| About this task |
Return every record below exactly as written, omitting any pictures.

::::::::::

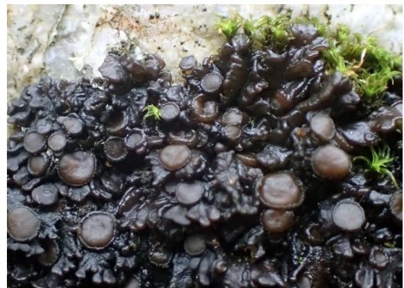
Tannjordgrye, Echylium bachmanianum (NT)
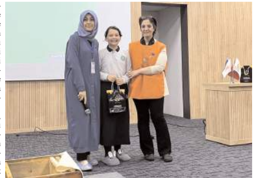
Öğrencilere çeşitli hediyeler verildi.

Eğitimlerde, Kadeş Barış Meydanında 20 Mayıs 2024 tarihinde düzenlenecek olan Dünya Arı Günü programına bütün öğrenciler aileleriyle birlikte davet edildi. (Haber Merkezi)
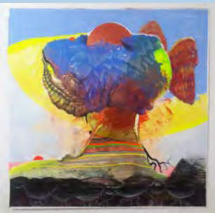
Robel Temesgen: Adbar, 2018 – Acrylic, ink, permanent marker, tape, tippex, and ink pen on paper, 110 x 110cm. Courtesy of the artist and Dawit Abebe

Seine Bilder entführen in Räume, die von spiritueller Bedeutung durchdrungen sind. Nach umfangreichen Recherchen in Äthiopien bemüht er sich, durch einen phänomenologischen Ansatz die gelebte Erfahrung von Landschaft im Kontext des äthiopischen Glaubens des Adbar und der damit verbundenen Rituale darzustellen.
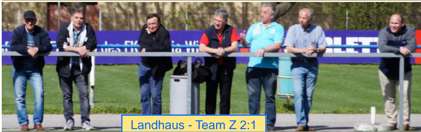
Landhaus - Team Z 2:1

Nach der Pause spielte dann nur noch die SGS, aber die Überlegenheit wurde erst in der 60. Minute durch den eingewechselten „Joker“ Krupitza - nach einem Traumheber von der linken Strafraumgrenze - zum 1:0 belohnt.
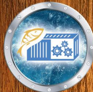
Containerized plant Производство в контейнерах
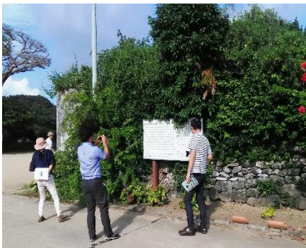
近世期の面縄港湾の確認
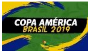
Copa América Brasil 2019
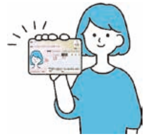
本人確認がすぐできる
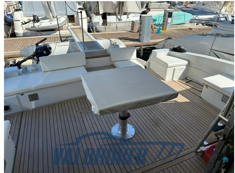
RAFFAELLI STORM S - REFITTING 2024
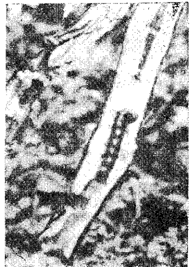
咖啡木蠹蛾蛀食髓部

為害情形：此蟲生活習性和台灣黃毒蛾類似，年發生8~9代，6~7月間最多，幼蟲取食葉片、
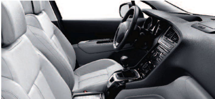
Koža sivá Guérande* (voliteľná výbava)
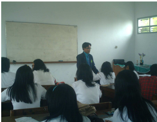
3. Peneliti bertanya pada siswa
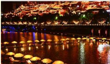
เมืองเซียนเอิน
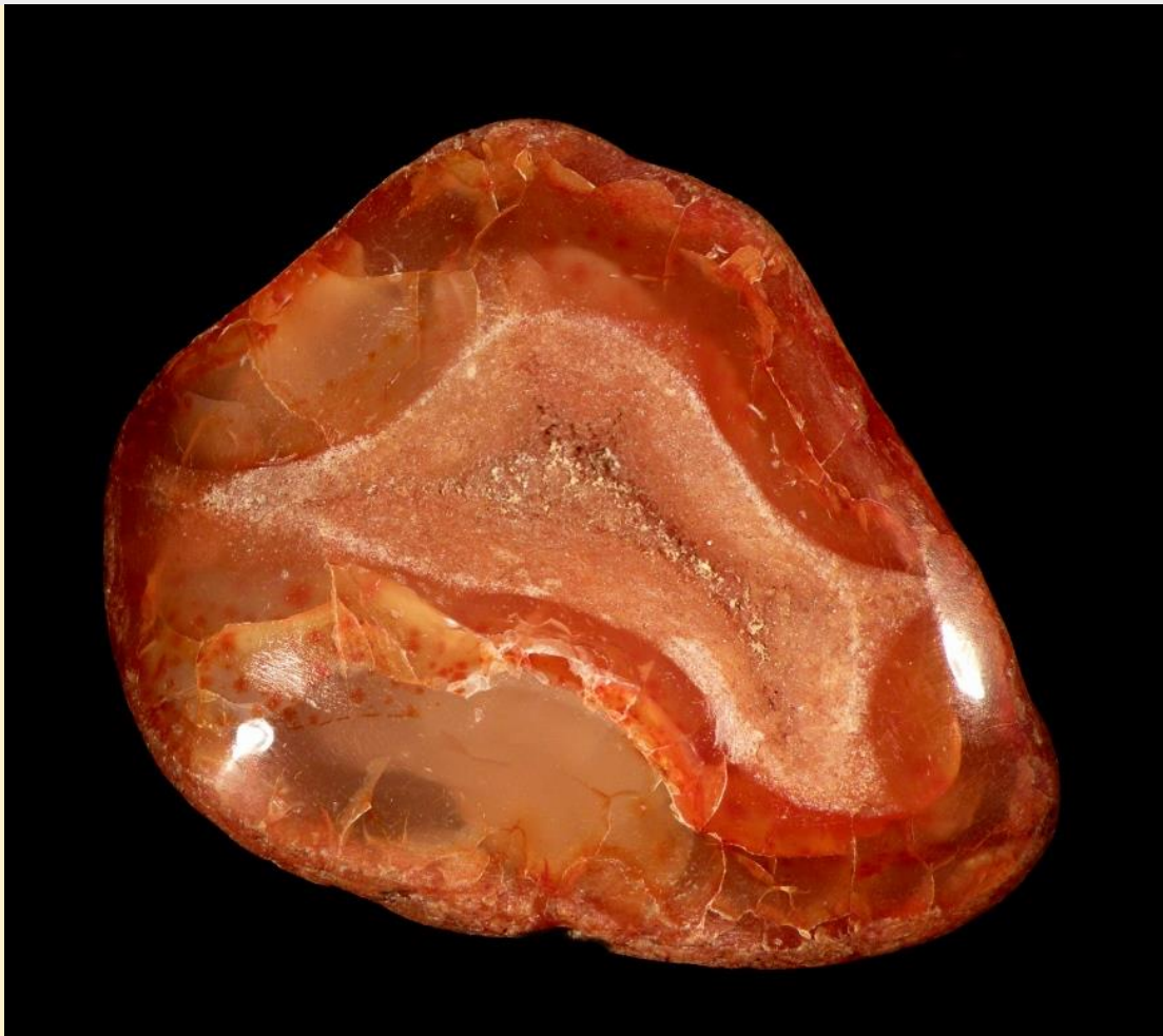
Drummond Agate Beds, Lebanon, Oregon. 7 cm.

This is the name for agate / chalcedony with an orange-yellow to orange-brown color. This occurs rarely in nature, so most of the available carnelians are heat treated in order to achieve a more intense color. The main sources of carnelian are in India, they have been commercially mined for centuries.

::::::::::

| Solution to this exercise |
Tannjordgrye, Echylium bachmanianum (NT)
Öğrencilere çeşitli hediyeler verildi.

Eğitimlerde, Kadeş Barış Meydanında 20 Mayıs 2024 tarihinde düzenlenecek olan Dünya Arı Günü programına bütün öğrenciler aileleriyle birlikte davet edildi. (Haber Merkezi)
Robel Temesgen: Adbar, 2018 – Acrylic, ink, permanent marker, tape, tippex, and ink pen on paper, 110 x 110cm. Courtesy of the artist and Dawit Abebe

Seine Bilder entführen in Räume, die von spiritueller Bedeutung durchdrungen sind. Nach umfangreichen Recherchen in Äthiopien bemüht er sich, durch einen phänomenologischen Ansatz die gelebte Erfahrung von Landschaft im Kontext des äthiopischen Glaubens des Adbar und der damit verbundenen Rituale darzustellen.
Landhaus - Team Z 2:1

Nach der Pause spielte dann nur noch die SGS, aber die Überlegenheit wurde erst in der 60. Minute durch den eingewechselten „Joker“ Krupitza - nach einem Traumheber von der linken Strafraumgrenze - zum 1:0 belohnt.
Containerized plant Производство в контейнерах
近世期の面縄港湾の確認
Copa América Brasil 2019
本人確認がすぐできる
RAFFAELLI STORM S - REFITTING 2024
咖啡木蠹蛾蛀食髓部

為害情形：此蟲生活習性和台灣黃毒蛾類似，年發生8~9代，6~7月間最多，幼蟲取食葉片、
Koža sivá Guérande* (voliteľná výbava)
3. Peneliti bertanya pada siswa
เมืองเซียนเอิน
Drummond Agate Beds, Lebanon, Oregon. 7 cm.

This is the name for agate / chalcedony with an orange-yellow to orange-brown color. This occurs rarely in nature, so most of the available carnelians are heat treated in order to achieve a more intense color. The main sources of carnelian are in India, they have been commercially mined for centuries.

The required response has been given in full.